1. The Goldfish Memory Problem

Every developer who has worked with LLM-based agents has faced the same frustration: the agent doesn’t remember what it did five minutes ago. You close a chat, open a new one, and it’s like you’re talking to a stranger. The agent can’t recall the specific config you asked it to set up yesterday, the coding conventions it adopted last week, or the project context it painstakingly assembled in the previous session.

This isn’t a flaw in the LLM — it’s a product of the fundamental design of how agents are built. Most agent frameworks treat every interaction as an isolated episode. The LLM’s context window is the only memory, and when that window closes (session ends, task completes, browser tab closes), everything vanishes.

In cognitive psychology, Endel Tulving (1972, 1985) established that human memory is not a single monolithic store but three distinct, interacting systems:

Memory SystemHuman AnalogyWhat It StoresDurability
ProceduralMuscle memory, skillsHow to do things — identity, behavior, rulesMost stable, changes slowly
SemanticFacts, concepts, knowledgeWhat you know — organized informationLearns, consolidates
EpisodicPersonal experiences, timelineWhat happened — indexed life eventsGrow continuously, searchable

Most AI agent platforms implement at best one of these — usually a crude approximation of episodic memory (chat logs).

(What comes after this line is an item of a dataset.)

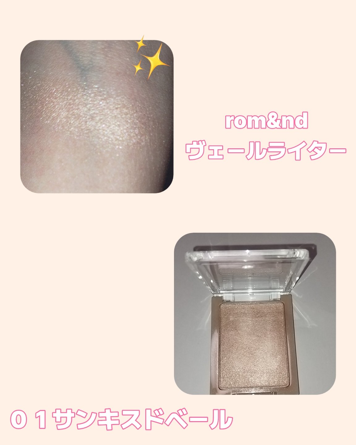 rom&ndヴェールライター02ムーンキスドベールmoonkissedveil🎀ピンク色の艶で、多幸感溢れる肌にしてくれます。チークの代わりや涙袋に使っても可愛いです。チークと鼻の頭にぬると統一感が出るからおすすめ✨バズっただけあるよね!いつ...

None implement all three as a coherent, production-grade system.

Markus is the first open-source AI agent platform to implement all three Tulving memory layers as a fully integrated, agent-managed, persistently stored architecture. This is not a research prototype — it’s the production memory backbone running every agent in the Markus digital workforce platform.


2. Procedural Memory — “How the Agent Operates”

The Identity Store

In Markus, procedural memory is the Identity Store — a file at ~/.markus/agents/{id}/role/ROLE.md that defines every aspect of how an agent behaves. It contains the agent’s persona, expertise domain, behavioral rules, and operational patterns. This is the most stable layer of the memory system, and it shapes all cognitive preparation the agent performs.

Source: ARCHITECTURE.md §3.4 — Identity store “Who the agent is. Shapes all cognitive preparation.”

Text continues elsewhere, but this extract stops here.